(Records from a dataset)
*** Block opens ***

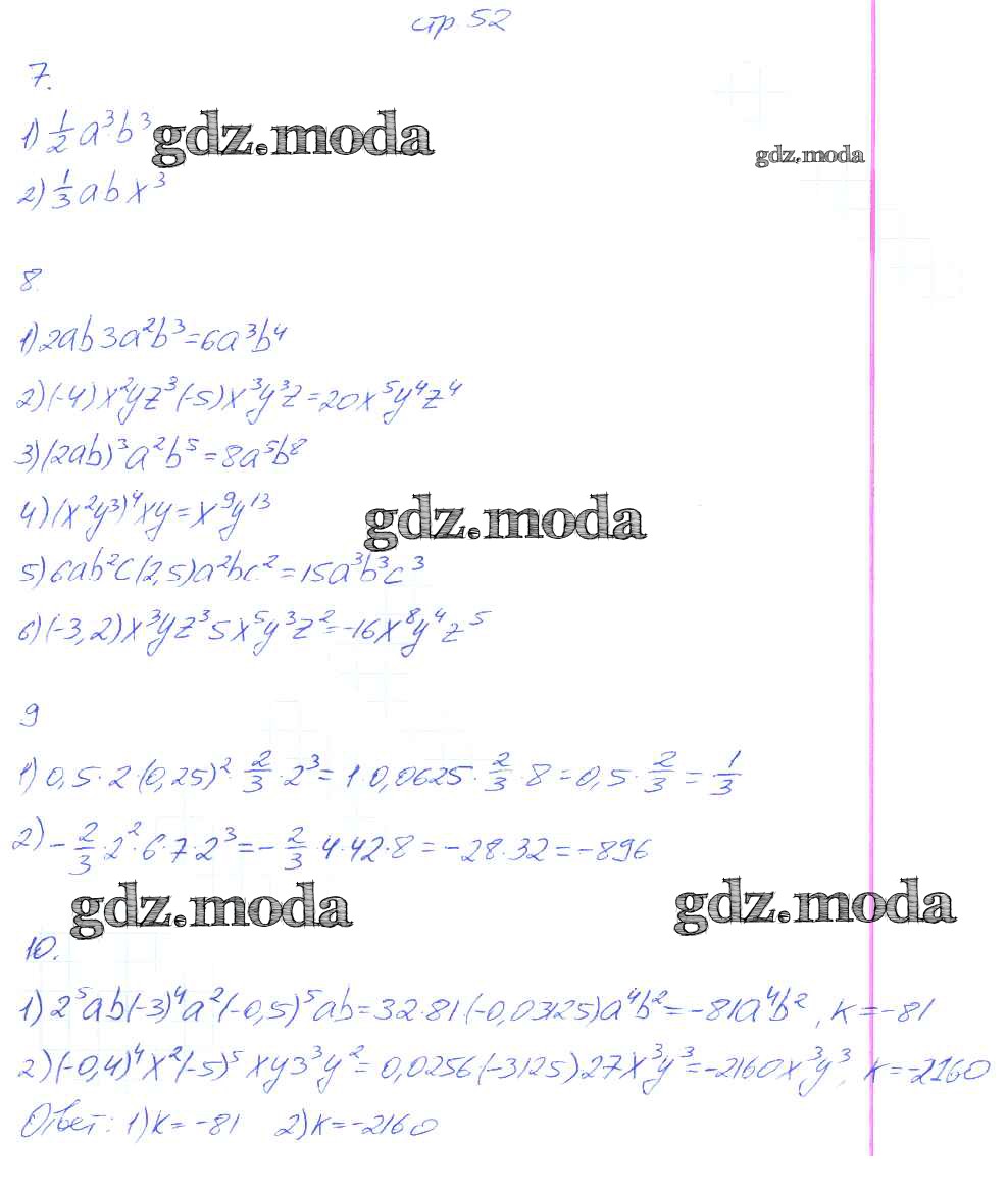 ГДЗ решение к заданию № 52 Алгебра 7 класс рабочая тетрадь Колягин Ю.М. Просвещение 2017 Часть 1, Часть 2 ФГОС бесплатно на гдз.мода!
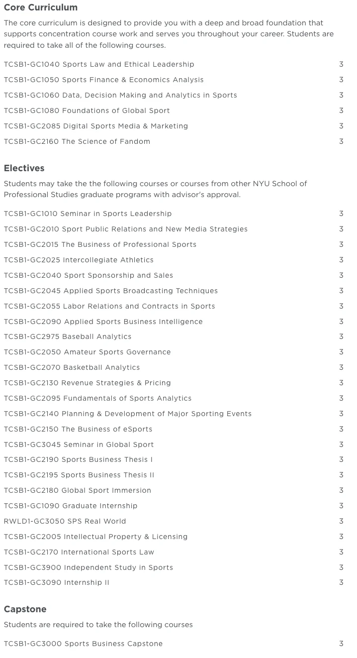 - 课程设置:体育商业理学硕士是一个 36 学分的学位课程,包括一组必修的核心课程、选修课和一门Capstone。
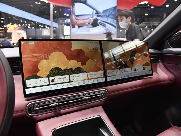 内饰方面,新车采用了内嵌式的小尺寸矩形全液晶仪表盘,并搭配双色三辐式多功能方向盘,中控台上配备了多媒体屏与副驾屏的双联屏设计,屏幕尺寸和分辨率达到了15.6英寸2.5K,内置高通骁龙8295P芯片。
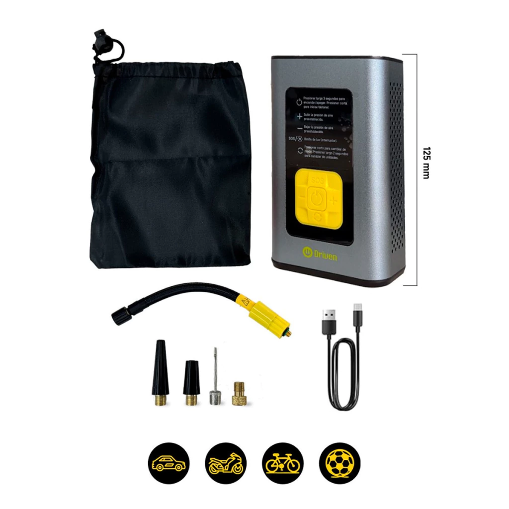 • Accesorios: Viene con un cable de carga USB Tipo C, estuche de guardado y picos adaptadores para diferentes tipos de válvulas y pelotas.
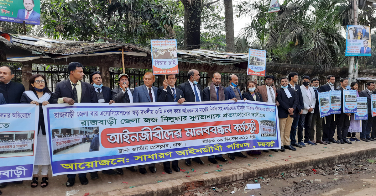 রাজবাড়ী জেলা বার অ্যাসোসিয়েশনের স্বত্ব দখলীয় জমিতে অবৈধভাবে মার্কেট নির্মাণ ও জজ আদালতের কর্মচারী কর্তৃক আইনজীবীদের ওপর হামলার ঘটনায় সুষ্ঠু বিচারের দাবি জানিয়ে ঢাকায় মানববন্ধন করেছে রাজবাড়ীর সাধারণ আইনজীবী পরিষদ।

*** Block closes ***

GOAL OF THE EXERCISE
Set down the entries again without change. Leave the pictures out.

EXPECTED ANSWER
 ГДЗ решение к заданию № 52 Алгебра 7 класс рабочая тетрадь Колягин Ю.М. Просвещение 2017 Часть 1, Часть 2 ФГОС бесплатно на гдз.мода!
 - 课程设置:体育商业理学硕士是一个 36 学分的学位课程,包括一组必修的核心课程、选修课和一门Capstone。
 内饰方面,新车采用了内嵌式的小尺寸矩形全液晶仪表盘,并搭配双色三辐式多功能方向盘,中控台上配备了多媒体屏与副驾屏的双联屏设计,屏幕尺寸和分辨率达到了15.6英寸2.5K,内置高通骁龙8295P芯片。
 • Accesorios: Viene con un cable de carga USB Tipo C, estuche de guardado y picos adaptadores para diferentes tipos de válvulas y pelotas.
 রাজবাড়ী জেলা বার অ্যাসোসিয়েশনের স্বত্ব দখলীয় জমিতে অবৈধভাবে মার্কেট নির্মাণ ও জজ আদালতের কর্মচারী কর্তৃক আইনজীবীদের ওপর হামলার ঘটনায় সুষ্ঠু বিচারের দাবি জানিয়ে ঢাকায় মানববন্ধন করেছে রাজবাড়ীর সাধারণ আইনজীবী পরিষদ।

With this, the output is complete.